Altra decisione ha riguardato il rinnovo della fiducia al blocco dei venafrani, che con allegria e grinta hanno portato in soli quattro anni, partendo dalla C2, la società del patron Gabriele Scarabeo in Serie B: il capitano Daniele Di Padua , il bomber Luca Peluso, il fantasista Luca Terenzi, che è stato ed è anche Mister della rappresentativa Under 21 e che nel finale della scorsa stagione ha rivestito il ruolo di player-manager della squadra maggiore, il volitivo Pasquale Valvona, l'estroso Giovanni Palumbo, il bello e fine Andrea Negri, nonché i giovanissimi portieri Gaetano Di Paolo e Christian Tomei, continueranno tutti ad indossare la maglia con i colori della propria città, e sapranno dare il loro valido contributo al raggiungimento degli obiettivi societari.
E' il team manager Gaetano Pagano che commenta con calore questa decisione: “Siamo una società sportiva che coltiva al proprio interno il valore dell'amicizia, del gruppo, dell'attaccamento alla nostra città e al nome del Molise. Poter far giocare il Serie B così tanti amici che sono nati e vissuti a Venafro è motivo di orgoglio per noi, e anche per la nostra terra. Questo gruppo ha dimostrato di essere un team valido, che sul campo ha conquistato importanti traguardi, ma, soprattutto, è un gruppo unito e allegro, che è fattore fondamentale e strategico per poter raggiungere prestigiosi traguardi sportivi. Sono tutti degli amici, siamo tutti una famiglia, per cui non posso che essere lieto e felice della loro riconferma”.
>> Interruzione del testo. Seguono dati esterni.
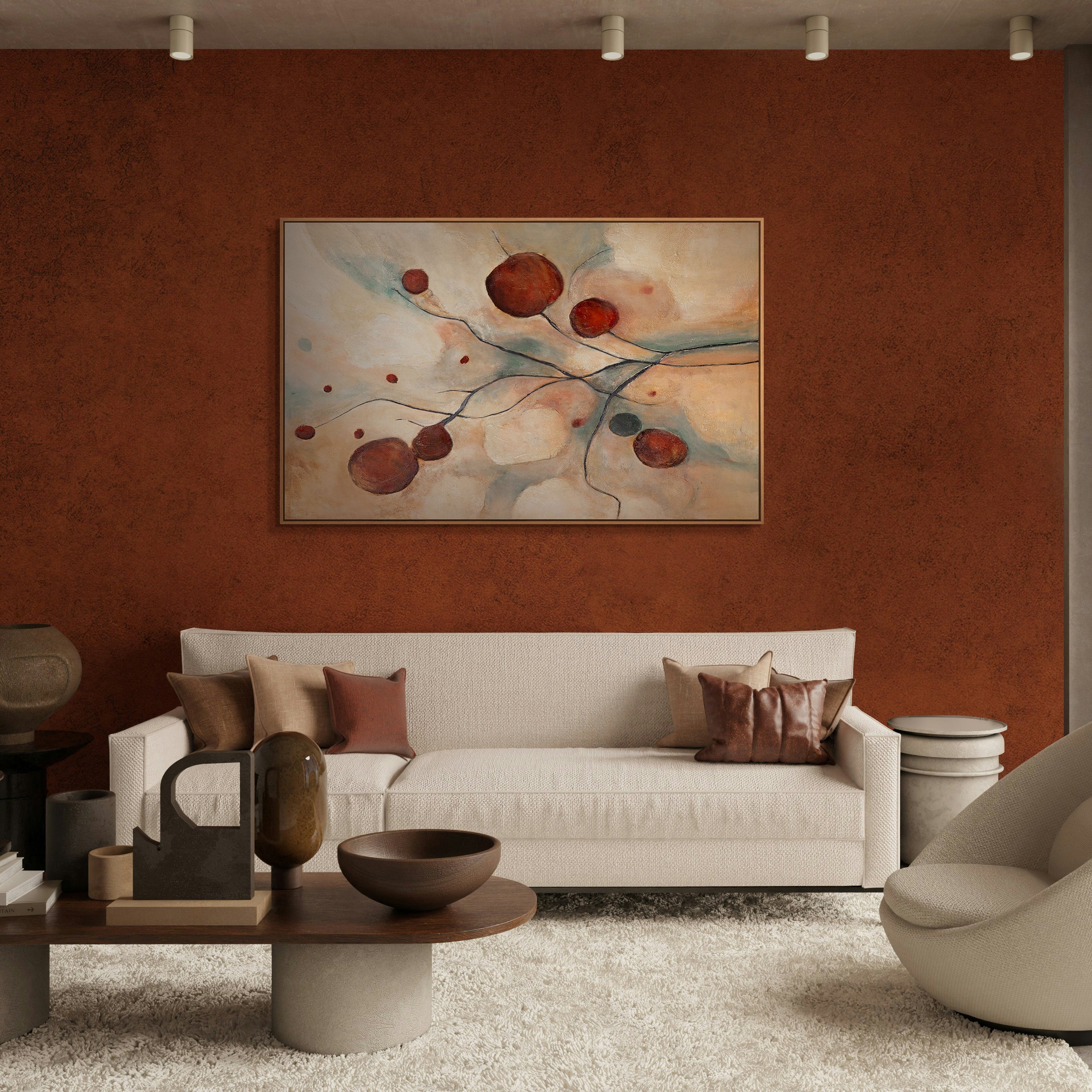 Dieses handgemalte abstrakte Wandbild verbindet sanfte Naturtöne mit ausdrucksstarken scharlachroten Akzenten. Die schwebenden Formen und feinen Linien erinnern an Sternbilder und verleihen dem Gemälde eine ruhige, harmonische Bewegung. Die strukturierte Oberfläche erzeugt Tiefe und macht das Bild lebendig, ohne aufdringlich zu wirken.

Rimane fuori dal gruppo delle riconferme il giovane portiere Gianluca Placella, che nella stagione prossima vestirà la maglia dell'Isernia Calcio a 5 di patron Ionata. E' il direttore sportivo Nicandro Ricamato che spiega le ragioni di questa decisione: “Dispiace non poter contare nella stagione prossima sull'allegria di Gianluca, che è parte integrante del nostro bel gruppo. Nella stagione scorsa si è trovato, insieme a Gaetano Di Paolo, a difendere la porta della squadra in un campionato difficile come quello di Serie B, e lo ha fatto con bravura e con serietà professionale, e di questo la società lo ringrazia. Però, dopo l'arrivo di Gennaro Piedimonte, ci siamo trovati nella situazione di aver ben quattro estremi difensori, e ci siamo resi conto che in questo modo non avrebbero avuto modo di giocare molto quelli con minor esperienza. A Gianluca si è aperta la strada per andare a giocare con l'Isernia Calcio a 5, e così, di comune accordo, abbiamo deciso di darlo in prestito alla società dell'amico Ionata. Sono convinto che avendo modo di giocare potrà maturare, mettendo in chiaro quelle potenzialità che possiede, e poter essere un vero 'numero uno'. E con questa fiducia mi auguro anche che possa tornare a difendere la maglia della squadra che lo ha fatto emergere”.